Below, we load the labels into y, the data into X, and the names of the features into featureNames. We also print the description of the dataset.

In [None]:
boston = datasets.load_boston()

y = boston.target
X = boston.data
featureNames = boston.feature_names

print(boston.DESCR)

Create Training and Testing Sets
---

In order to see how well our classifier works, we need to divide our data into training and testing sets

In [None]:
X_train, X_test, y_train, y_test = cross_validation.train_test_split(X, y, test_size=0.3)

Visualize The Data
===

There are too many features to visualize the whole training set, but we can plot a single feature (e.g. average numbe of rooms) against the average housing price.

In [None]:
plt.scatter(X_train[:,5], y_train)
plt.ylabel('Average Houseing Price')
plt.xlabel('Avearge Number of Rooms')

Train A Toy Model
===

Here we train the regression on a single feature, then plot the linear regression line on top of the data. We do this by first fitting the regression model on our training data, and then predicting the output of the model for that same training data. These predictions are plotted as a line on top of the training data. 

This can't tell us how well it will perform on new, unseen, data, but it can show us how well the line fits the training data.

In [None]:
regr = linear_model.LinearRegression()
x_train = X_train[:,5][np.newaxis].T # regression expects a (#examples,#features) array shape
regr.fit(x_train, y_train)

plt.scatter(x_train, y_train)
plt.plot(x_train, regr.predict(x_train), c='r')
plt.ylabel('Average Houseing Price')
plt.xlabel('Avearge Number of Rooms')
plt.title('Regression Line on Training Data')

Test the Toy Model
===

Next, we will test the ability of our model to predict the average housing price for the neighborhoods in our test set, using only the average number of rooms.

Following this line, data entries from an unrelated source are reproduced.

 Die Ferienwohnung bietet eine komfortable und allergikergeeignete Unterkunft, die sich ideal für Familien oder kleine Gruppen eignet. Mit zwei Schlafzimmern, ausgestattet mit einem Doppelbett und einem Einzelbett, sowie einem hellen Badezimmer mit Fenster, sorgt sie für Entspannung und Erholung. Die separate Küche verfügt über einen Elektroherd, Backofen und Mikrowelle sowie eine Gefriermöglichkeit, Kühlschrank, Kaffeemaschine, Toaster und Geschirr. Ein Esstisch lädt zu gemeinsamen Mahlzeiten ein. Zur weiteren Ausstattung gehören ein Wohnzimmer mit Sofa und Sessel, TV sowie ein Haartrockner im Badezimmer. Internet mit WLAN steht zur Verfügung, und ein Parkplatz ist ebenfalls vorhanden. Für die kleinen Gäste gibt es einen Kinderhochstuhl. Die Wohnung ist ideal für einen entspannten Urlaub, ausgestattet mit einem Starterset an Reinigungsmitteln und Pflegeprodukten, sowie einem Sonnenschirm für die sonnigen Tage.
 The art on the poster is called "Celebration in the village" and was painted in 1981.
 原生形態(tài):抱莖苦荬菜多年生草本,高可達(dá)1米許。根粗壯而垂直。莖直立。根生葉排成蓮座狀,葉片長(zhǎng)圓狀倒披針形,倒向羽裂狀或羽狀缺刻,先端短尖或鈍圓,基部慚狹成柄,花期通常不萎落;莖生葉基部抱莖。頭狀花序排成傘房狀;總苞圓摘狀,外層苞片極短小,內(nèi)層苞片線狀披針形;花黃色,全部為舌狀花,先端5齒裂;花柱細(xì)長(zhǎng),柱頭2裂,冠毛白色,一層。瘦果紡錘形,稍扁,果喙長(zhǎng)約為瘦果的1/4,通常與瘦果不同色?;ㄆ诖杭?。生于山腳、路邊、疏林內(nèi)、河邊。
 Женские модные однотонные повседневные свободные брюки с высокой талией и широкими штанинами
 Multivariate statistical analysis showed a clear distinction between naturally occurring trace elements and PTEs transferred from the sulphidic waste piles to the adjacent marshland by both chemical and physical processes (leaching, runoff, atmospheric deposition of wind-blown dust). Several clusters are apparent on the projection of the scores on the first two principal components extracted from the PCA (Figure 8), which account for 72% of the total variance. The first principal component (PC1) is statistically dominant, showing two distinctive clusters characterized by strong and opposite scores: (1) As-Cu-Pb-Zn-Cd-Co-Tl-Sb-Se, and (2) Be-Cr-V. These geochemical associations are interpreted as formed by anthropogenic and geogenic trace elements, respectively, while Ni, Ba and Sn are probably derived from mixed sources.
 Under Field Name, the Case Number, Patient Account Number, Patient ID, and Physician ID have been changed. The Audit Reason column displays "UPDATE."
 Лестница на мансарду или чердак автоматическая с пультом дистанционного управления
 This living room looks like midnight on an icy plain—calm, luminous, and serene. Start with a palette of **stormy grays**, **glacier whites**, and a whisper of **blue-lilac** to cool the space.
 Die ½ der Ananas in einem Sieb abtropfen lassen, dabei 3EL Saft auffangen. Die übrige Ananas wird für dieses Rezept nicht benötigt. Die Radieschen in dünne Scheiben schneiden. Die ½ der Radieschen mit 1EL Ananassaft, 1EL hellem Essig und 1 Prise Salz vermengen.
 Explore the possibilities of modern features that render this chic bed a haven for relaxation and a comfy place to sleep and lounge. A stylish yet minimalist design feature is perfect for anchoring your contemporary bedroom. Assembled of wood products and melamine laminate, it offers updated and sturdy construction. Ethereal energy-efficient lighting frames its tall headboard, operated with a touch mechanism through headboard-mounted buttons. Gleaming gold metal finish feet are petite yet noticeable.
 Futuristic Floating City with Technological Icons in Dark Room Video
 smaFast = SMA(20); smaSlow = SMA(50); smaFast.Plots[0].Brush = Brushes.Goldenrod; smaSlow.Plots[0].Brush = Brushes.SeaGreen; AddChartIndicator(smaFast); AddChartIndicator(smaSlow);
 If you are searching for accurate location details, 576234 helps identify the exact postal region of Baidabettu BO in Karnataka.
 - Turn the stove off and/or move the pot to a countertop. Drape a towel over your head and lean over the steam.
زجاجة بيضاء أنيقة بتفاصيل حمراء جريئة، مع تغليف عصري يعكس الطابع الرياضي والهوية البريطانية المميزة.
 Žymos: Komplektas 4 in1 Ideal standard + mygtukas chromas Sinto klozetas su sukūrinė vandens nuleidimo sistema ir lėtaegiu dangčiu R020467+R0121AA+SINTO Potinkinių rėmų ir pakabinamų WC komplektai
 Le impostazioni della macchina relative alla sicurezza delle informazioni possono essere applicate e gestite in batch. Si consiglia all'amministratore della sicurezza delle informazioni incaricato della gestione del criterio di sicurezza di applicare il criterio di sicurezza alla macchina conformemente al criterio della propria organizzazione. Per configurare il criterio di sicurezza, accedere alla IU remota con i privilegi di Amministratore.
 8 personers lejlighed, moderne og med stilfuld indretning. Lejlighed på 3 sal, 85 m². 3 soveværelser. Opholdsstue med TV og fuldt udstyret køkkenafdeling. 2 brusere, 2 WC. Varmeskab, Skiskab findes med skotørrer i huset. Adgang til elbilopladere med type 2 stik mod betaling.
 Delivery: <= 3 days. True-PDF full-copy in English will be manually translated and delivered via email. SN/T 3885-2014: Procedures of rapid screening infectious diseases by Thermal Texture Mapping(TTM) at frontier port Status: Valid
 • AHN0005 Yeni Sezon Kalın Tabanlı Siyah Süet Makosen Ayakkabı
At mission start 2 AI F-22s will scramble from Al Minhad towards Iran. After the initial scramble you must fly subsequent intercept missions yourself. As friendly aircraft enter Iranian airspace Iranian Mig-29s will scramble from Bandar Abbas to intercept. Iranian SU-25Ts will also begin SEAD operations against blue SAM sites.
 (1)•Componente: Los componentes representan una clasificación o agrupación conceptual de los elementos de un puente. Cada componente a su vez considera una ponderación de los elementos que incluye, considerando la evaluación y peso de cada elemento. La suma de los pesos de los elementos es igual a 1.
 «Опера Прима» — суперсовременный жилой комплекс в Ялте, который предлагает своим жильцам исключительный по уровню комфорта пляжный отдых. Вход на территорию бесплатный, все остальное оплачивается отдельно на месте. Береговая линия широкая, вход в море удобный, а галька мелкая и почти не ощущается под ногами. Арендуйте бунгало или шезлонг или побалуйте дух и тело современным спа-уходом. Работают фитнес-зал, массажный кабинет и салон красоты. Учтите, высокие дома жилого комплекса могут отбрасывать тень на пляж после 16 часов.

First, we get our predictions for the training data, and plot the predicted model on top of the test data

In [None]:
x_test = X_test[:,5][np.newaxis].T # regression expects a (#examples,#features) array shape
predictions = regr.predict(x_test)

plt.scatter(x_test, y_test)
plt.plot(x_test, predictions, c='r')
plt.ylabel('Average Houseing Price')
plt.xlabel('Avearge Number of Rooms')
plt.xlabel('Avearge Number of Rooms')
plt.title('Regression Line on Test Data')

Next, we evaluate how well our model worked on the training dataset. Unlike with discrete classifiers (e.g. KNN, SVM), the number of examples it got "correct" isn't meaningful here. We may care if it is thousands of dollars off, but do we care if it's a few cents from the correct answer?

There are many ways to evaluate a linear classifier, but one popular one is the mean-squared error, or MSE. As the name implies, you take the error for each example (the distance between the point and the predicted line), square each of them, and then add them all together. 

Scikit-learn has a function that does this for you easily.

In [None]:
mse = mean_squared_error(y_test, predictions)

print('The MSE is ' + '%.2f' % mse)

The MSE isn't as intuitive as the accuracy of a discrete classifier, but it is highly useful for comparing the effectiveness of different models. Another option is to look at the $R^2$ score, which you may already be familiar with if you've ever fit a line to data in Excel. A value of 1.0 is a perfect predictor, while 0.0 means there is no correlation between the input and output of the regression model.

In [None]:
r2score = r2_score(y_test, predictions)

print('The R^2 score is ' + '%.2f' % r2score)

Train A Model on All Features
===

Next we will train a model on all of the available features and use it to predict the housing costs of our training set. We can then see how this compares to using only a single feature.

In [None]:
regr = linear_model.LinearRegression()
regr.fit(X_train, y_train)

predictions = regr.predict(X_test)

mse = mean_squared_error(y_test, predictions)
print('The MSE is ' + '%.2f' % mse)

r2score = r2_score(y_test, predictions)
print('The R^2 score is ' + '%.2f' % r2score)